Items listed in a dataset
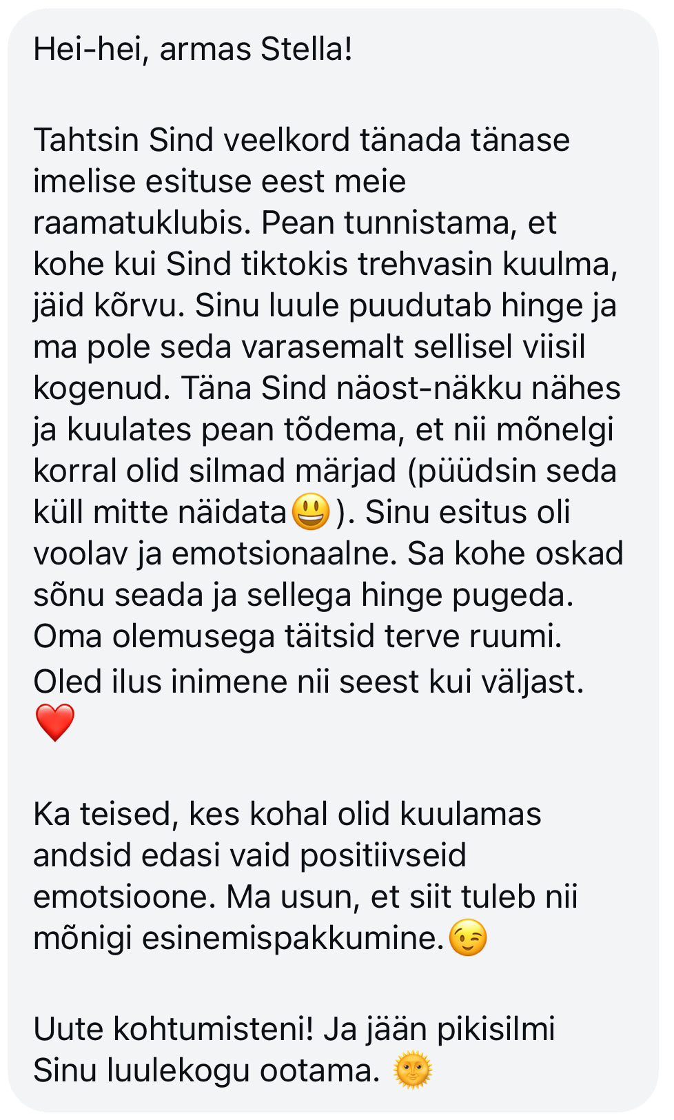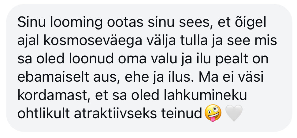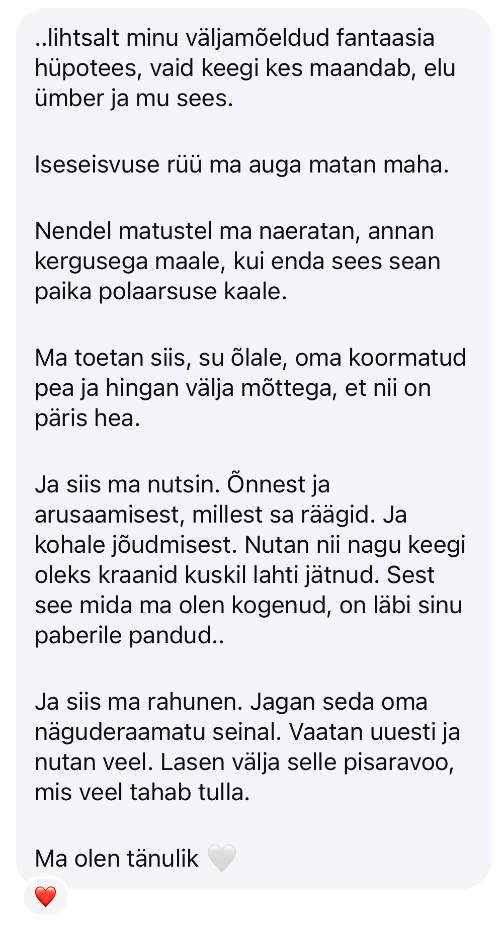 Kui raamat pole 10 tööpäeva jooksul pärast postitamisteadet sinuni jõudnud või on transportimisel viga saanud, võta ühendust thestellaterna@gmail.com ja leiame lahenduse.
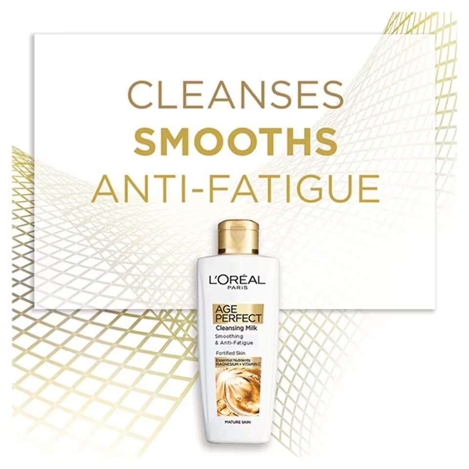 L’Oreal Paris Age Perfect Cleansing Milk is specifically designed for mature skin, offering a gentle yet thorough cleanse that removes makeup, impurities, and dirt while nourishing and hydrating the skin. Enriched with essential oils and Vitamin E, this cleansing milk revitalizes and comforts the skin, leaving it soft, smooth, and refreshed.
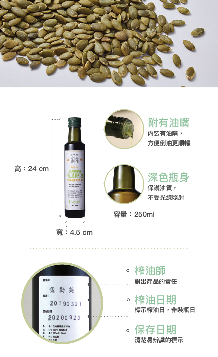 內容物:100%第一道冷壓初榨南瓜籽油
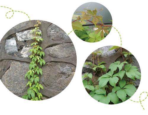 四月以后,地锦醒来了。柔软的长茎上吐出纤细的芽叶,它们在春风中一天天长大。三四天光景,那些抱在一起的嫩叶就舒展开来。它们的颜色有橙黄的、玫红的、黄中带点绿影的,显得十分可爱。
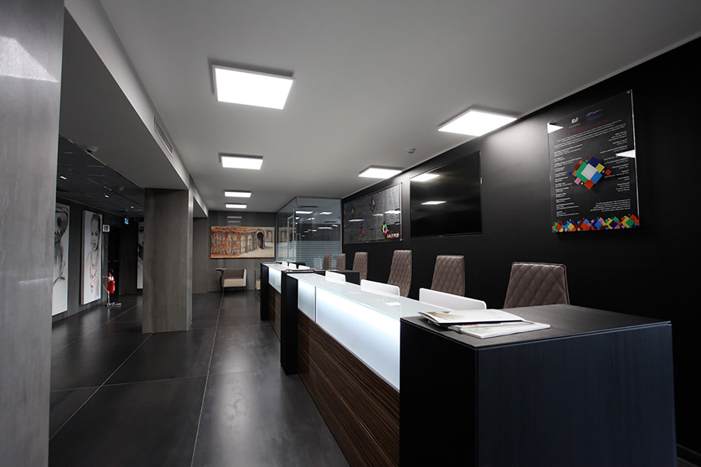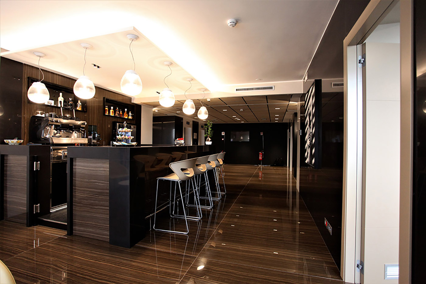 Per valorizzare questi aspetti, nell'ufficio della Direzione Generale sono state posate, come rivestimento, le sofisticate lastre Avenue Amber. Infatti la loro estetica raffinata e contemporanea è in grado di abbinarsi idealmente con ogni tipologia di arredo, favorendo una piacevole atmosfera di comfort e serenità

| What you will do |
Please return the lines from the line with "內容物:100%第一道冷壓初榨南瓜籽油" through the last line of the data, both included, exactly, and without pictures.

| The answer |
 內容物:100%第一道冷壓初榨南瓜籽油
 四月以后,地锦醒来了。柔软的长茎上吐出纤细的芽叶,它们在春风中一天天长大。三四天光景,那些抱在一起的嫩叶就舒展开来。它们的颜色有橙黄的、玫红的、黄中带点绿影的,显得十分可爱。
 Per valorizzare questi aspetti, nell'ufficio della Direzione Generale sono state posate, come rivestimento, le sofisticate lastre Avenue Amber. Infatti la loro estetica raffinata e contemporanea è in grado di abbinarsi idealmente con ogni tipologia di arredo, favorendo una piacevole atmosfera di comfort e serenità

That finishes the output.